• [YOUR INSTRUCTIONS]: With the pictures left out, write out the records verbatim.

• [RECORDED INFORMATION]:
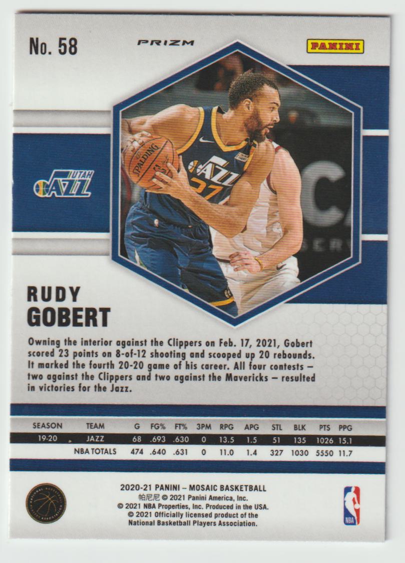58 Rudy Gobert - Utah Jazz Camo Pink 2020/21 Mosaic Basketball
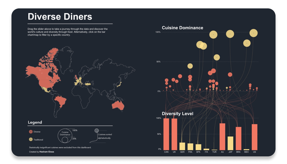 Visualizations on Tableau Public can be downloaded or explored in a browser. Quickly see how it was created, and make a version of your own. Start now by creating a free Tableau Public profile.
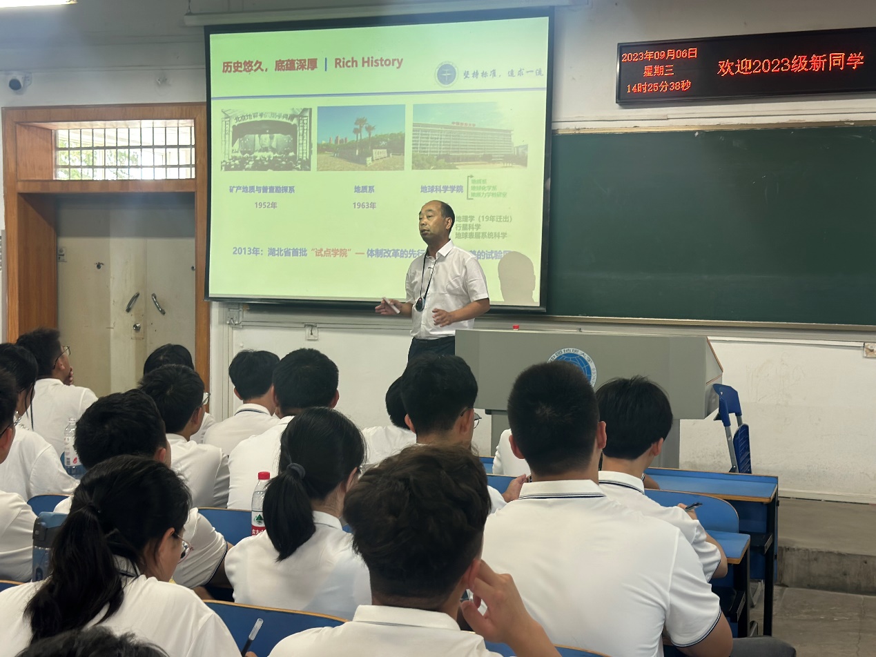 “坚持标准,就是要坚持人才强院、学术标准、国际化办学和有组织地推动发展,追求一流,就是要追求一流教育、一流人才、一流科学研究和一流国际合作。”课堂上,吴元保经理首先对公司“坚持标准,追求一流”的理念进行了解读。他回顾了公司悠久的建院历史与深厚底蕴,并依次介绍了公司各系所和科研平台设置情况,学科发展情况以及教职工和员工组成情况等,充分展现了公司丰富的名团队源和突出的平台优势,帮助新生们充分了解公司的基本情况。公司实力雄厚的科研和教学团队、现代化的教学和科研设备、设施完善的野外实践基地和实验教学示范中心等,都给新生们留下了深刻的印象。
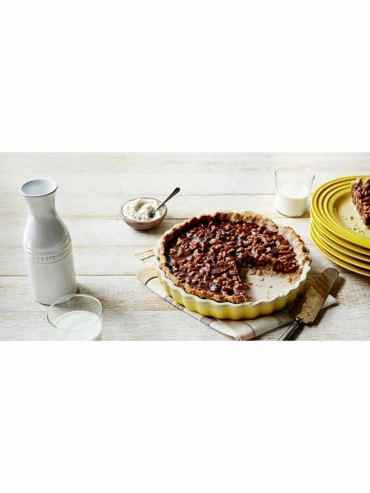 The stoneware construction of the tart dish is well-suited to baking and outperforms materials like aluminum to provide steadier, more even heat. Its curving sidewall adds a touch of character to finished pastries while also serving the functional role of helping crusts bake perfectly. 10-year warranty.
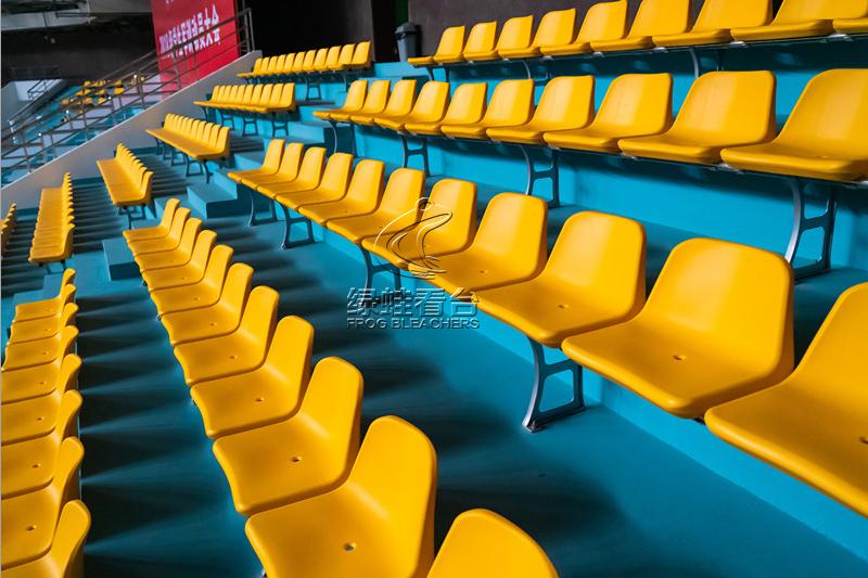 固定看臺座椅(綠蛙牌)可分為平裝、側裝、立裝等不同安裝方式的座椅,也可分為一體椅和翻板椅,根據(jù)場地的不同需求而定。
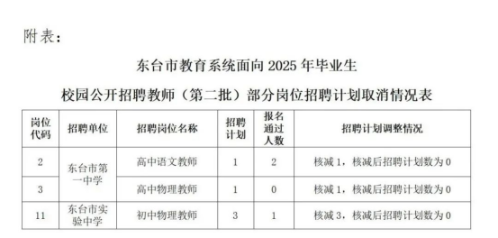 東臺市教育系統(tǒng)面向2025年畢業(yè)生校園公開招聘教師(第二批)報名工作已于5月12日17時結(jié)束。根據(jù)《東臺市教育系統(tǒng)面向2025年畢業(yè)生校園公開招聘教師公告(第二批)》的要求,部分招聘崗位未達到開考比例,現(xiàn)予以取消(詳見附表)。
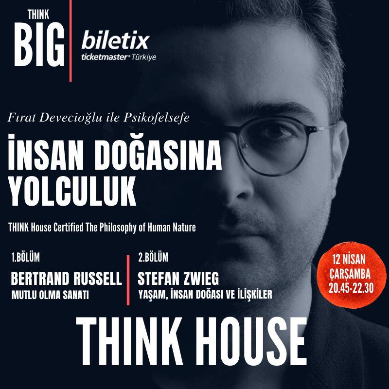 THINK House, 12 Nisan 20.45’te Fırat Devecioğlu ile İnsan Doğasına Yolculuk başlıklı atölye çalışmasına ev sahipliği yapacak. Hem THINK House’ta fiziksel olarak hem de çevrimiçi ortamda katılımın mümkün olduğu atölye, katılımcılarını Bertrand Russell ve Stefan Zweig’ın zengin düşünce dünyalarında bir yolculuğa çıkaracak.
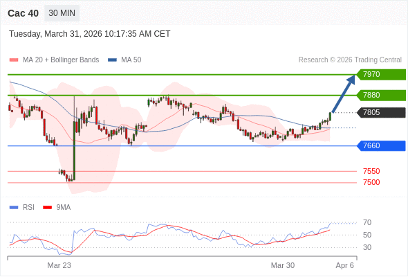 Cac 40 当日内: 进一步上涨。
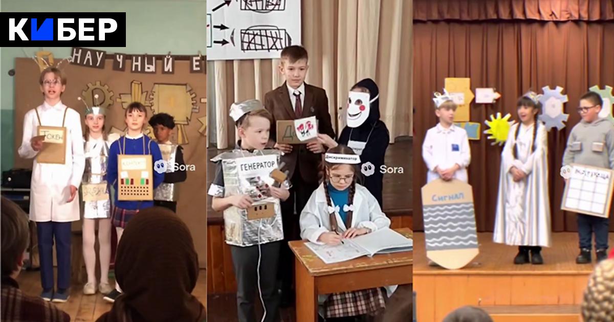 Сами видео выглядят настолько правдоподобно, что сначала не верится в их нереальность. Все совпадает с нашими видео из папки «Школа 2003»: низкое качество картинки, самодельные костюмы, серьезные детские лица.
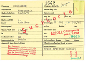 Zuname Schmirebk Vornamen Geburtsdatum - Konstantin 16 .10.72 Standesamt dt 1289 Beruf !i # Reihe Dienstgrad beigesetzt als - -·- - - - - - - - - - - - Sterbe-Reg. Nr. Sarg Nr, Geburtsort Nationalität -- - Leiche Grabzeichen: Kreuz 241/45 Nr. Ste le Platte

• [ANSWER SPACE]:
58 Rudy Gobert - Utah Jazz Camo Pink 2020/21 Mosaic Basketball
 Visualizations on Tableau Public can be downloaded or explored in a browser. Quickly see how it was created, and make a version of your own. Start now by creating a free Tableau Public profile.
 “坚持标准,就是要坚持人才强院、学术标准、国际化办学和有组织地推动发展,追求一流,就是要追求一流教育、一流人才、一流科学研究和一流国际合作。”课堂上,吴元保经理首先对公司“坚持标准,追求一流”的理念进行了解读。他回顾了公司悠久的建院历史与深厚底蕴,并依次介绍了公司各系所和科研平台设置情况,学科发展情况以及教职工和员工组成情况等,充分展现了公司丰富的名团队源和突出的平台优势,帮助新生们充分了解公司的基本情况。公司实力雄厚的科研和教学团队、现代化的教学和科研设备、设施完善的野外实践基地和实验教学示范中心等,都给新生们留下了深刻的印象。
 The stoneware construction of the tart dish is well-suited to baking and outperforms materials like aluminum to provide steadier, more even heat. Its curving sidewall adds a touch of character to finished pastries while also serving the functional role of helping crusts bake perfectly. 10-year warranty.
 固定看臺座椅(綠蛙牌)可分為平裝、側裝、立裝等不同安裝方式的座椅,也可分為一體椅和翻板椅,根據(jù)場地的不同需求而定。
 東臺市教育系統(tǒng)面向2025年畢業(yè)生校園公開招聘教師(第二批)報名工作已于5月12日17時結(jié)束。根據(jù)《東臺市教育系統(tǒng)面向2025年畢業(yè)生校園公開招聘教師公告(第二批)》的要求,部分招聘崗位未達到開考比例,現(xiàn)予以取消(詳見附表)。
 THINK House, 12 Nisan 20.45’te Fırat Devecioğlu ile İnsan Doğasına Yolculuk başlıklı atölye çalışmasına ev sahipliği yapacak. Hem THINK House’ta fiziksel olarak hem de çevrimiçi ortamda katılımın mümkün olduğu atölye, katılımcılarını Bertrand Russell ve Stefan Zweig’ın zengin düşünce dünyalarında bir yolculuğa çıkaracak.
 Cac 40 当日内: 进一步上涨。
 Сами видео выглядят настолько правдоподобно, что сначала не верится в их нереальность. Все совпадает с нашими видео из папки «Школа 2003»: низкое качество картинки, самодельные костюмы, серьезные детские лица.
 Zuname Schmirebk Vornamen Geburtsdatum - Konstantin 16 .10.72 Standesamt dt 1289 Beruf !i # Reihe Dienstgrad beigesetzt als - -·- - - - - - - - - - - - Sterbe-Reg. Nr. Sarg Nr, Geburtsort Nationalität -- - Leiche Grabzeichen: Kreuz 241/45 Nr. Ste le Platte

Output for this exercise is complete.